The sky had not yet recovered from the divine scream.
A jagged chasm of lightning split the heavens, momentarily illuminating the ruined spires and shattered wards of what had once been Storm's Creed's sanctum. The ground still trembled beneath the aftershock of Martin's strike. Ash curled in the air like incense left burning too long.
Hovering above the crater, the divine spirit pulsed—alive, but not whole. Its body shimmered with unstable form: obsidian bones laced in flowing metal, a ribcage half-dissolved into clouds, a heart visible through shifting gaps in its torso, beating too fast, too bright. Its voice had no words—only shrieks of sound, each one fraying the edges of thought.
Without worshippers.
Without doctrine.
Without shape.
It thrashed through the skies like a newborn star denied its cradle.

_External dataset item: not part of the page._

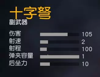 十字弩基础数据,与枪相仿,但射程稍弱,比较适合巷战、埋伏,或者地形具有高低差的对峙。

"Well," Martin muttered, brushing soot from his collar, "this escalated."
A heavy thud behind him.
Belisarius landed in a half-kneel, his armor cracked across the shoulder and thigh, Compliance sparking at the seams with each movement. He coughed once—blood on his lips—but stood tall all the same.
"You idiot," he growled. "It's not just wild—it's untethered. There's no soul-weight binding it to form. If its core ruptures, the resulting backlash will poison everything in a hundred kilometers. The land. The air. Even time might fracture around the epicenter."
Martin nodded, pulling a sealed rod from his coat. "Right. Let's not have that. You distract it while I finish this."
Belisarius narrowed his eyes. "You're giving orders now?"
"You were going to do it anyway," Martin replied.
"Fair," Belisarius grunted, before leaping skyward.
Above the crater,
The divine spirit sensed the approach of a living will and screamed—a column of lightning arcing from its chest as it hurtled toward Belisarius. The Warden gritted his teeth and twisted mid-air, Compliance's blade intercepting the bolt. The runes along the sword's edge flared, absorbing just enough to stop the blast from atomizing him.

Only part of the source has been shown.